_REQUIRED ACTION_:
Reproduce exactly the lines of this material that begin at the line with "Рис. 1. Особливості" and end at the line with "O10(C3) ¥12,000 (税込 ¥13,200)", both included. Omit the pictures and everything else.

_DATA_:
-------------------------

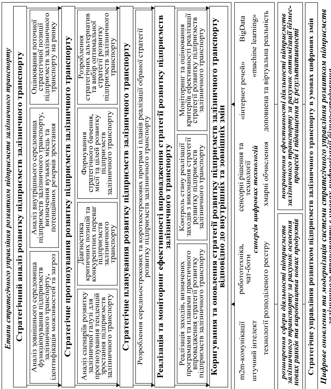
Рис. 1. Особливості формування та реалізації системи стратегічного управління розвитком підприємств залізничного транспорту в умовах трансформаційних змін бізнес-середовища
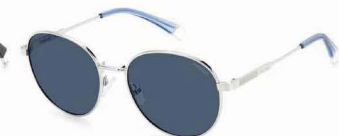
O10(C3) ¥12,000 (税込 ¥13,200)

-------------------------

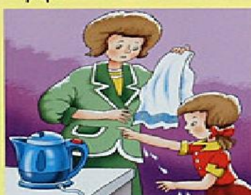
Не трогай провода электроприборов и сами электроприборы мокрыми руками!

-------------------------

_REPLY_:
Рис. 1. Особливості формування та реалізації системи стратегічного управління розвитком підприємств залізничного транспорту в умовах трансформаційних змін бізнес-середовища
O10(C3) ¥12,000 (税込 ¥13,200)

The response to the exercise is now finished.